**DATASET RECORDS**

▬▬▬

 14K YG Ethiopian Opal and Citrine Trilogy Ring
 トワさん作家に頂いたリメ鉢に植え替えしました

▬▬▬

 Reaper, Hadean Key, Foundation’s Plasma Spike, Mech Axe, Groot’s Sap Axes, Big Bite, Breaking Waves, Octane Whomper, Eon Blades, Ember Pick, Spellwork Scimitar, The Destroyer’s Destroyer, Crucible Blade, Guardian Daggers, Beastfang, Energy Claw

▬▬▬

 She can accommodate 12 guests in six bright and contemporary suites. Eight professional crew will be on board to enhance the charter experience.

▬▬▬

**TASK INSTRUCTIONS**
Go to the line in the material above that contains "14K YG Ethiopian" and copy exactly from there through the line that contains "トワさん作家に頂いたリメ鉢に植え替えしました", stopping after it.

**SOLUTION**
 14K YG Ethiopian Opal and Citrine Trilogy Ring
 トワさん作家に頂いたリメ鉢に植え替えしました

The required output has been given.